Friday, January 13, 2017

Rocket Invasion by King Lang (Curtis Books, 1950)

I found this on a stall at the Sunday Markets in Port Adelaide:


... a digest-sized publication so down-market that it doesn't even bother with a back cover blurb.  Instead it gives us an advertisement for this:
Glama, the Oriental Charm of Luck and Love!

Turning from the advertisements to the story, Rocket Invasion follows the adventures of a former Space Corps officer with the odd name of Chan Houston, his inexplicably hot girlfriend Loraine Castle, and his somewhat smug android, Norbert.   (Maybe he's overcompensating for his name.  Who on Earth names an android "Norbert", anyway?)

Norbet is clearly the brains of the outfit, a sort of Jeeves with Gears.  It's just as well someone is on the ball, because Earth is about to be invaded by a force of blue, sword-wielding humanoids.  And though the story is halted several times to tell us androids cannot lie--Norbert spends a lot of his time telling plausible porkies to the aliens who have Houston and company prisoner.

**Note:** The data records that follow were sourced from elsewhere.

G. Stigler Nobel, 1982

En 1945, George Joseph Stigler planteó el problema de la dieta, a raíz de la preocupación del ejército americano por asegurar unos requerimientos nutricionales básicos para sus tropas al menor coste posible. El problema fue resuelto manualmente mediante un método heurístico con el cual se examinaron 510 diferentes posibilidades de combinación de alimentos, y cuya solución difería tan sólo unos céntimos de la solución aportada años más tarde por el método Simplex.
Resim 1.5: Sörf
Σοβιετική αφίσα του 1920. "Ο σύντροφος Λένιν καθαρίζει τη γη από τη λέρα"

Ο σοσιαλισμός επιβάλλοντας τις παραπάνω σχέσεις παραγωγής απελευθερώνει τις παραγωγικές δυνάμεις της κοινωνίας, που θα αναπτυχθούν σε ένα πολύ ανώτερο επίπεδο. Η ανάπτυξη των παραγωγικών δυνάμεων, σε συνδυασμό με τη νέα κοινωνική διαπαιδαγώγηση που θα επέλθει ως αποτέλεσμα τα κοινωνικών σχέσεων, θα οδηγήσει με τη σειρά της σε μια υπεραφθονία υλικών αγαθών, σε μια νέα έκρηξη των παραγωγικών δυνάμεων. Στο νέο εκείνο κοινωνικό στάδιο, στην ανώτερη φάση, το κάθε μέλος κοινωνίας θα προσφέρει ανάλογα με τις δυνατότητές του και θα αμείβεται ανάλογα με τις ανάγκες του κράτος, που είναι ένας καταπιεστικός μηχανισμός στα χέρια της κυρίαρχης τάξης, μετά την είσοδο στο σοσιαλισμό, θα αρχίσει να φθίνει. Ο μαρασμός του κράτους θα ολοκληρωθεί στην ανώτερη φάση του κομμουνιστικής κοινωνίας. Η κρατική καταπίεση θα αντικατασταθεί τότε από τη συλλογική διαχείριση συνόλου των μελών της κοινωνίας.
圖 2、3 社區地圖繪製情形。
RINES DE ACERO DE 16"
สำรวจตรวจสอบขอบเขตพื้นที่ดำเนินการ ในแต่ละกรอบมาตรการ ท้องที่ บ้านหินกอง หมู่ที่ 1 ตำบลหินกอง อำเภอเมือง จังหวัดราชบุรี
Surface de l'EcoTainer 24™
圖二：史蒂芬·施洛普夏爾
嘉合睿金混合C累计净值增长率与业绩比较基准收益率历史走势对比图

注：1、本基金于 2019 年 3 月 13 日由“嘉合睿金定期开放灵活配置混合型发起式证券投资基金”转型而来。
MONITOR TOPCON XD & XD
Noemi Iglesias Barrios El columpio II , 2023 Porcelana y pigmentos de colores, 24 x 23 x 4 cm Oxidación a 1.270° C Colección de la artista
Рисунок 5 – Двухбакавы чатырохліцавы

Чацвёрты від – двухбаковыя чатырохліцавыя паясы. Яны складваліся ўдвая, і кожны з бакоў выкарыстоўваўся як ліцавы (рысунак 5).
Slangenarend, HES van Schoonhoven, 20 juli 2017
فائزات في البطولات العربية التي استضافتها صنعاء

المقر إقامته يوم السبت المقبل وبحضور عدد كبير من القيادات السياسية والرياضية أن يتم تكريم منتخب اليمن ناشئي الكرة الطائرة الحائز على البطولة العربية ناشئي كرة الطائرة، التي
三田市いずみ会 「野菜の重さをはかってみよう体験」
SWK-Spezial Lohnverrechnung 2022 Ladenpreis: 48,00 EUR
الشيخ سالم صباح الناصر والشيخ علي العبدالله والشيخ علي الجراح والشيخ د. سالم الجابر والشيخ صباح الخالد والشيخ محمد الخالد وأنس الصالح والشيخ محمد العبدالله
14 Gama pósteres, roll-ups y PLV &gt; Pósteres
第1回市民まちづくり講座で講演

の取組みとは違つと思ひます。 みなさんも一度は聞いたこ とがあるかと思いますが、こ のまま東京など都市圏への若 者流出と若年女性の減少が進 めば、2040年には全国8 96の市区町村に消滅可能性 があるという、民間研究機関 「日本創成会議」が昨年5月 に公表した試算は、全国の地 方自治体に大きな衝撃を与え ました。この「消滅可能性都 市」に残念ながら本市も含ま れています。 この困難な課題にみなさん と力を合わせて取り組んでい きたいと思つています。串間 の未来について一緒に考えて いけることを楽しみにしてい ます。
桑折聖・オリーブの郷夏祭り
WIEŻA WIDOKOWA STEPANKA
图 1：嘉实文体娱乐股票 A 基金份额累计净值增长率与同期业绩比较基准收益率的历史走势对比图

King Land was a pseudonym for George Hay, John W. Jennison and E.C. Tubb. 


Wednesday, January 4, 2017

Murder on the Orient Express by Agatha Christie (Fontana, 1959)

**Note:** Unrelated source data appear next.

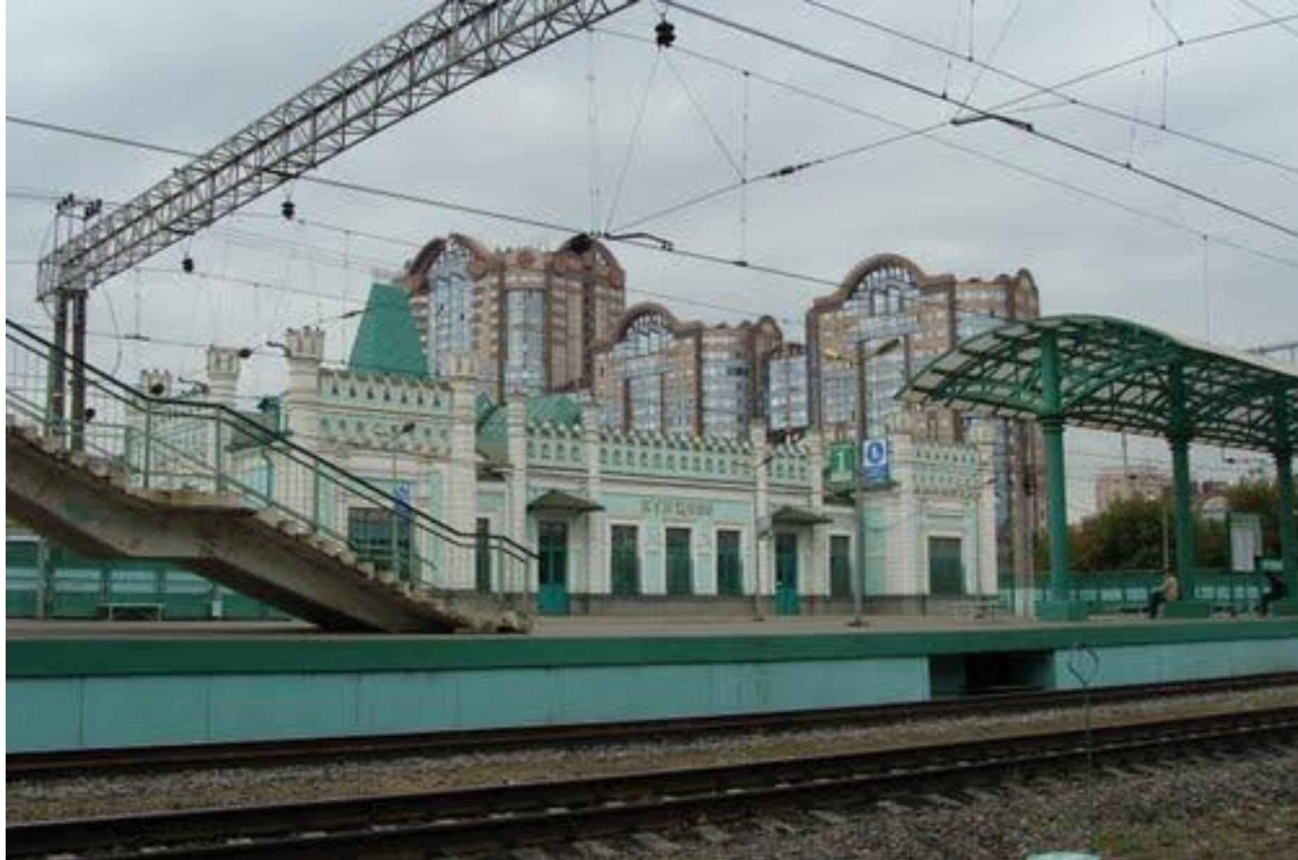
КУНЦЕВО (ближайшая ж/д станция)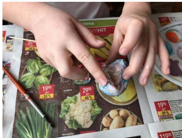
Příloha 12 LEPENÍ PAPIROVÉ UTĚRKY NA VEJCE Z ALOBALU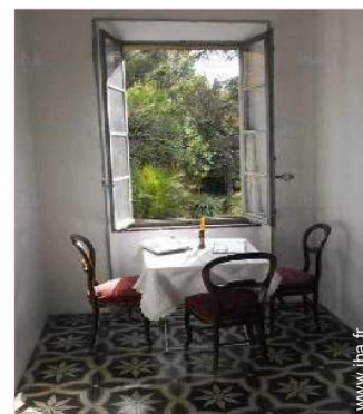
vue sur jardin/parc

Plage de sable 40km Piscine publique 20km Court de tennis public 200m Rivière 10km Massif montagneux 10km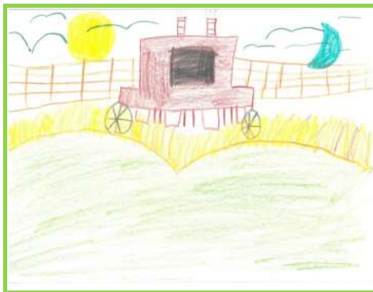
Œuvre de Charles Lessard

Il s'agit bien entendu d'une avenue inédite pour une politique culturelle municipale. Mais comme à Compton, on ne fait jamais les choses comme ailleurs, l'idée a rapidement pris racine.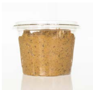
MEDLINE AUBERGINE KAVIAAR

Found on a stall at Fishermen's Wharf Markets in Port Adelaide:

Thundering along on its three days' journey across Europe, the famous Orient Express suddenly comes to a stop in the night.
Snowdrifts block the line somewhere in the Balkans.  Everything is quiet and passengers quickly settle down for the night, including Hercule Poirot.
In the morning an American millionaire is found stabbed, many times--Poirot is very much wanted.  The untrodden snow seems to prove that the murderer is still on board.  Poirot begins to think--and a brilliantly ingenious solution is found...
 And without a doubt, the solution is brilliant ingenious.  (No, I'm not going to tell you what it is.  This blog is a Spoiler Free Zone!  If you haven't already read Murder on the Orient Express--one of Christie's best known books--do so and find out the solution for yourself.)

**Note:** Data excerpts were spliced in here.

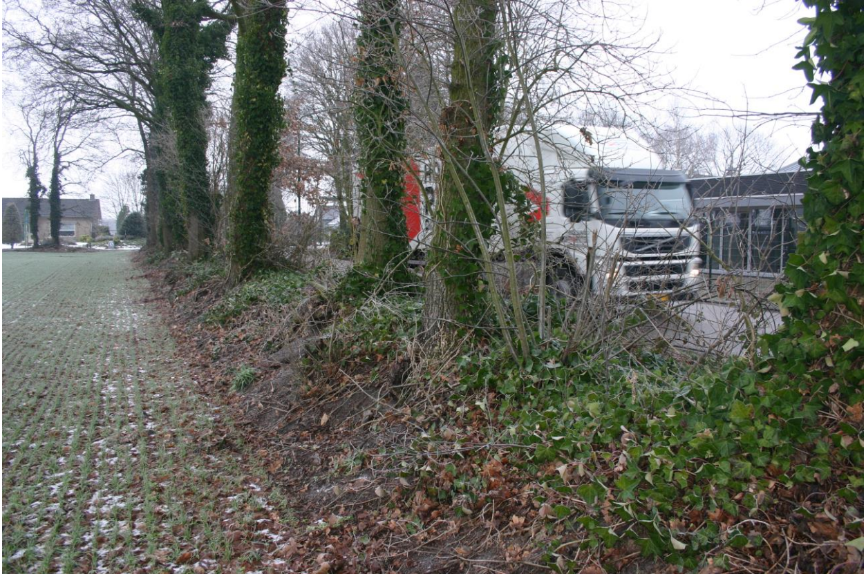
Figuur 5. Op de zuidoostgrens (naast de Kruishoekstraat) bevindt zich een oude houtwal die is begroeid met zomereiken, gewone vlier en klimop.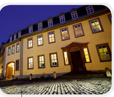
Goethes Wohnhaus am Frauenplan

Das 1709 erbaute Haus am Frauenplan hat Johann Wolfgang von Goethe bis zu seinem Tod 1832 nahezu fünfzig Jahre lang bewohnt; zunächst als Mieter, später als Eigentümer. In den Arbeitsräumen Goethes ist die Ausstattung unverändert erhalten geblieben. Zu besichtigen sind neben den Wohnräumen Goethes und seiner Frau Christiane auch das Arbeitszimmer, die Bibliothek sowie die Empfangsräume.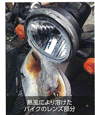
熱風により溶けたバイクのレンズ部分

1件目の火災の状況です。2月9日19時頃、喜沢南2丁目地内で発生し、負傷者1名、全焼6棟を含む住宅、計14棟が焼損しております。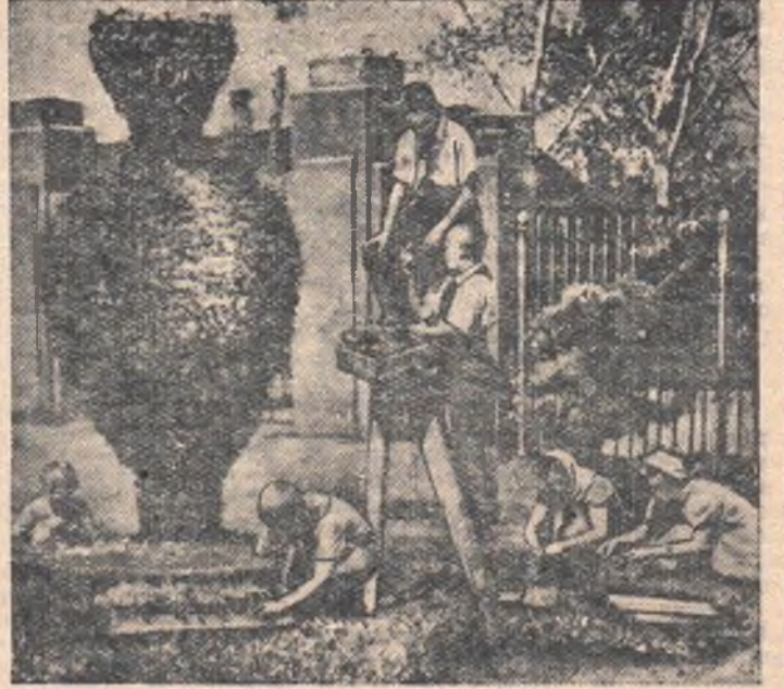
НА СНИМКЕ: юные цветоводы Омской областной станции юннатов высаживают рассаду у входа на территорию станции.

This is the sort of plotting that earned Agatha Christie the sobriquet "the Queen of Crime".  At times her prose was merely functional, her characters two-dimensional, her attitudes snobbish and old-fashioned.  She was never adverse to using stereotypes, particularly when depicting foreigners or members of the lower classes.  However, she knew how to weave together the real clues and red herrings to create a mystery that kept the reader guessing right to the end.